EXERCISE MATERIALS:
◆ ◆ ◆ ◆
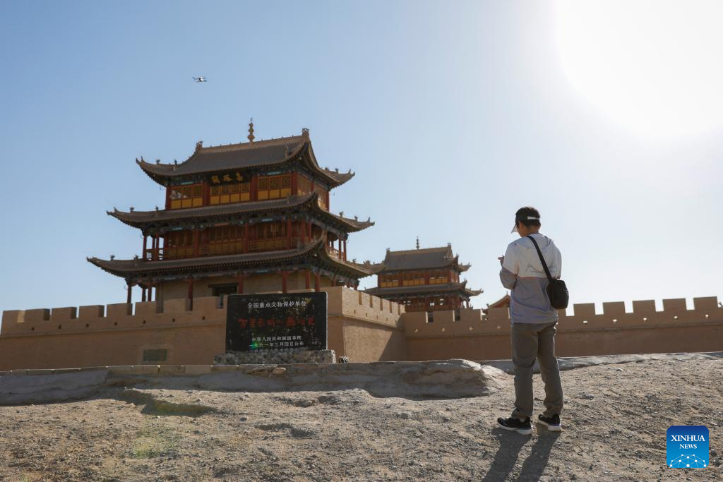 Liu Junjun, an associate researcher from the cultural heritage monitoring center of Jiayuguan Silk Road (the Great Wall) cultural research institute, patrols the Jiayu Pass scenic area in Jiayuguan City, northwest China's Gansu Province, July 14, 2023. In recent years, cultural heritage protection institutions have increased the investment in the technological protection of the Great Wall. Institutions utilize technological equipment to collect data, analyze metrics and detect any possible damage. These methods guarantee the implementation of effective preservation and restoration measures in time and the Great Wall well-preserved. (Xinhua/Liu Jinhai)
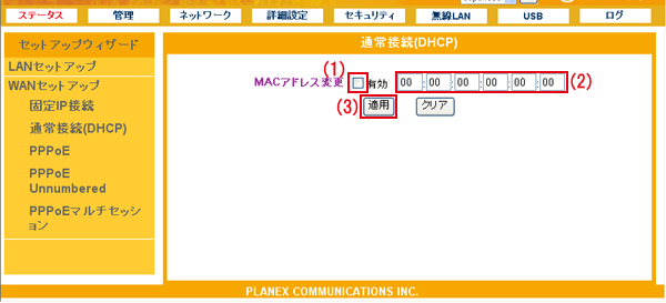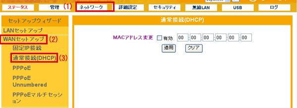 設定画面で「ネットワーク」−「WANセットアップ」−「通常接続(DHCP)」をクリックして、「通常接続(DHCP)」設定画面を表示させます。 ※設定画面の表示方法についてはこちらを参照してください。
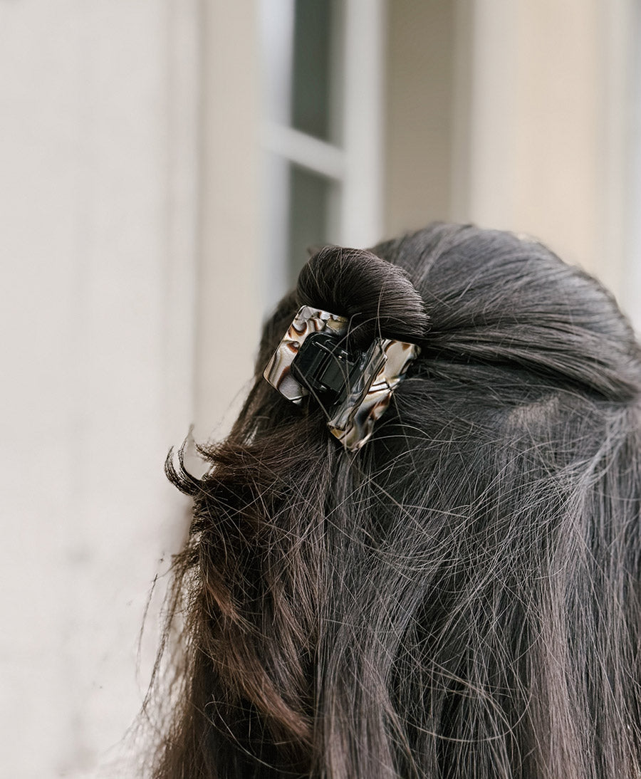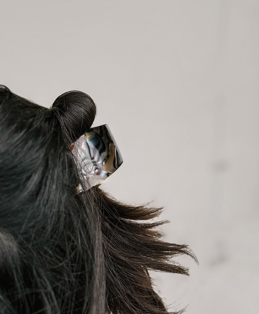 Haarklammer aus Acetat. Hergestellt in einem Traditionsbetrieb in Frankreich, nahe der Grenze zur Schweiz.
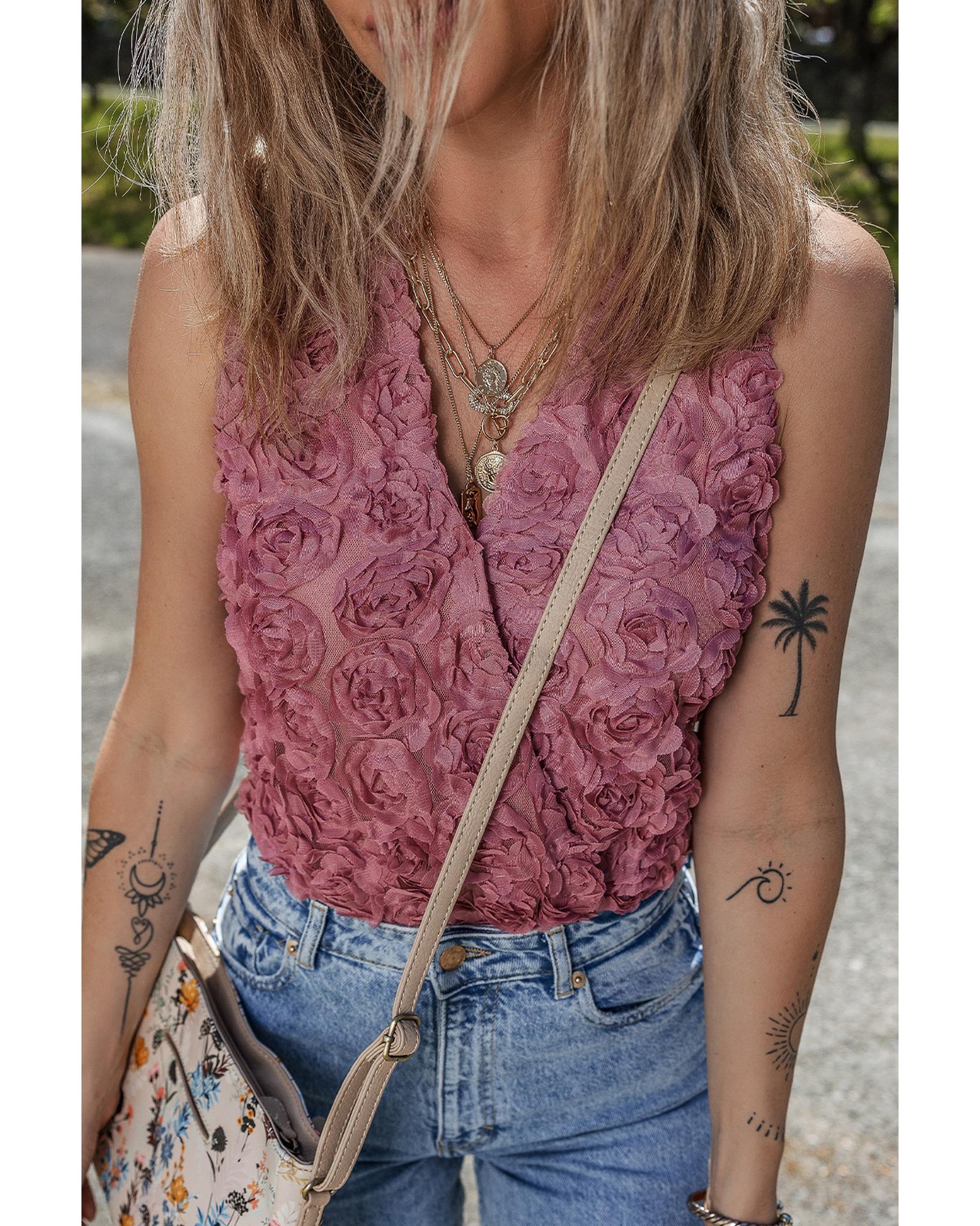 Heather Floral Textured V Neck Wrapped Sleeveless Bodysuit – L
◆ ◆ ◆ ◆
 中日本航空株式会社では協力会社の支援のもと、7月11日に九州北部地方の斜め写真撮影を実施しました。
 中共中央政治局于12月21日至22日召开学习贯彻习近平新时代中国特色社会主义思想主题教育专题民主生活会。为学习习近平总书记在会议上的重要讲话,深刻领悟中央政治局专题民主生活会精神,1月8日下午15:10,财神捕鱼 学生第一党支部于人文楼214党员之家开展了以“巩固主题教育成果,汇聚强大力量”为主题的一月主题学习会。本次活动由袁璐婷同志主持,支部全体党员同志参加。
◆ ◆ ◆ ◆
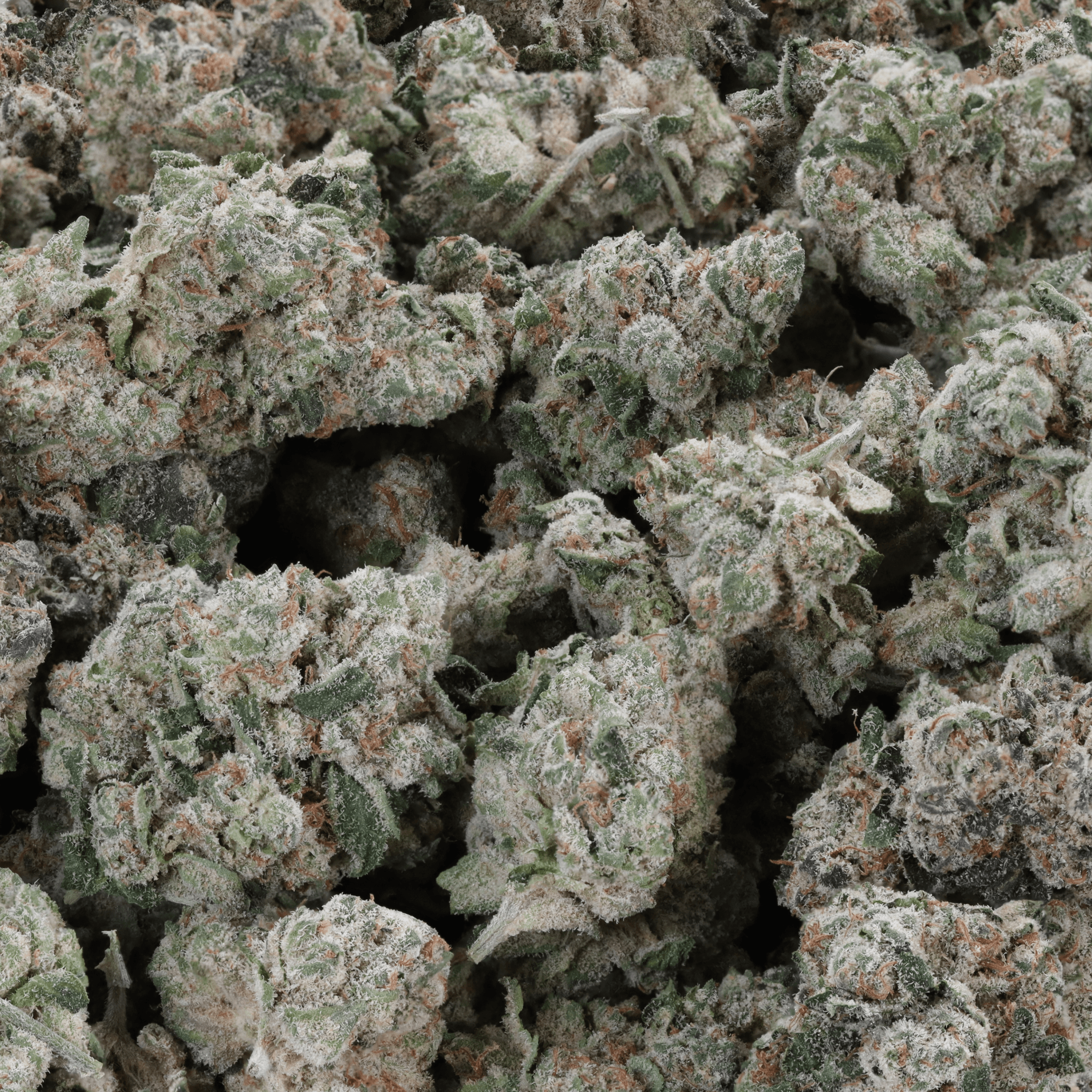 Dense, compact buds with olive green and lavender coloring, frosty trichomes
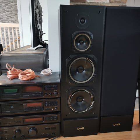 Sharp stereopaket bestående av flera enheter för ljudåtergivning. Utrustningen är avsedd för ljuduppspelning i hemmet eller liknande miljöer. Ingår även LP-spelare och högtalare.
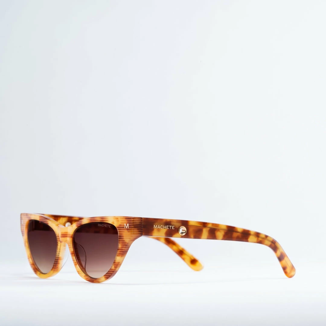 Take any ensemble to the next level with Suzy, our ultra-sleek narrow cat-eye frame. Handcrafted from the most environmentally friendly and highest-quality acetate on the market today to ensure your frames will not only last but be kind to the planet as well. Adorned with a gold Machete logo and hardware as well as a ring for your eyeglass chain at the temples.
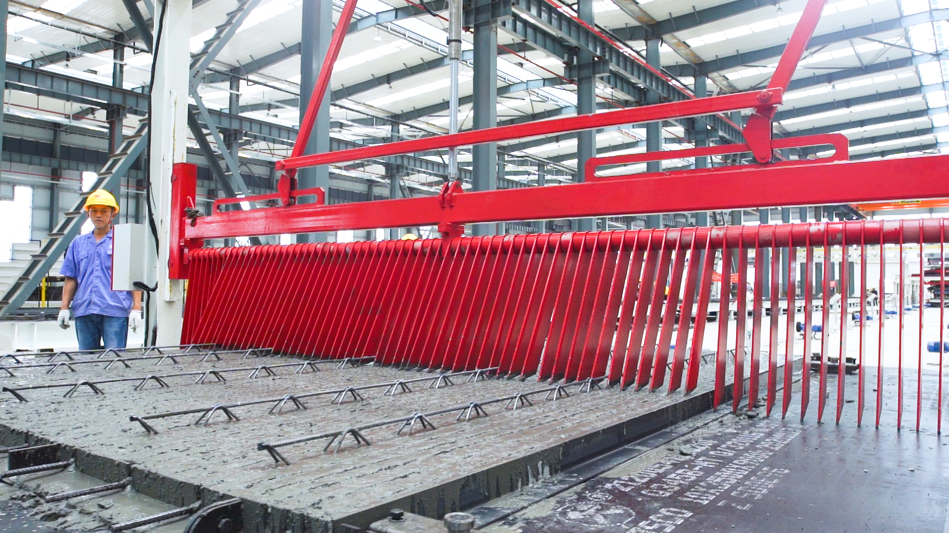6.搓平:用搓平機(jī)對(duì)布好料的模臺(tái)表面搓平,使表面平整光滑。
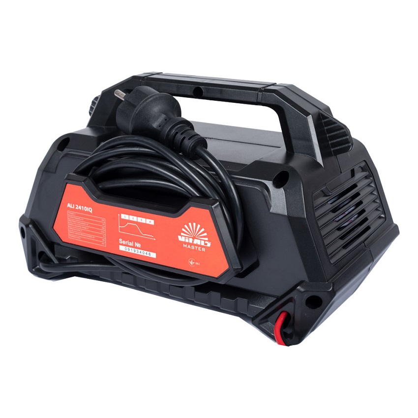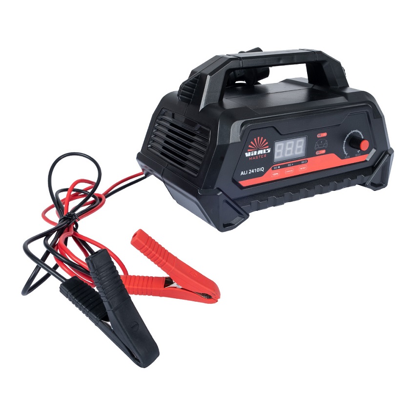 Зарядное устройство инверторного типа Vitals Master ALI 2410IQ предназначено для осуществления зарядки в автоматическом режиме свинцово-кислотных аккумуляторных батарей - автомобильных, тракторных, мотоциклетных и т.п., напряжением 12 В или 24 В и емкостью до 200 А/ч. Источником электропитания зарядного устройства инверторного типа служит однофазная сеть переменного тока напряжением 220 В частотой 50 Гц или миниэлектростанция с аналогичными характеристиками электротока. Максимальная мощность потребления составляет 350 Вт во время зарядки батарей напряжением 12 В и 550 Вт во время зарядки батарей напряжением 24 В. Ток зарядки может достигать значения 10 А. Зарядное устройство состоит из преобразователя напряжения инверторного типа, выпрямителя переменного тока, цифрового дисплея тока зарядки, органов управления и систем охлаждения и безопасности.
◆ ◆ ◆ ◆
Exact copy, no pictures. Write out the lines in the entries above, starting with the line with "Haarklammer aus Acetat." and going on through the line with "Heather Floral Textured", keeping both.

 Haarklammer aus Acetat. Hergestellt in einem Traditionsbetrieb in Frankreich, nahe der Grenze zur Schweiz.
 Heather Floral Textured V Neck Wrapped Sleeveless Bodysuit – L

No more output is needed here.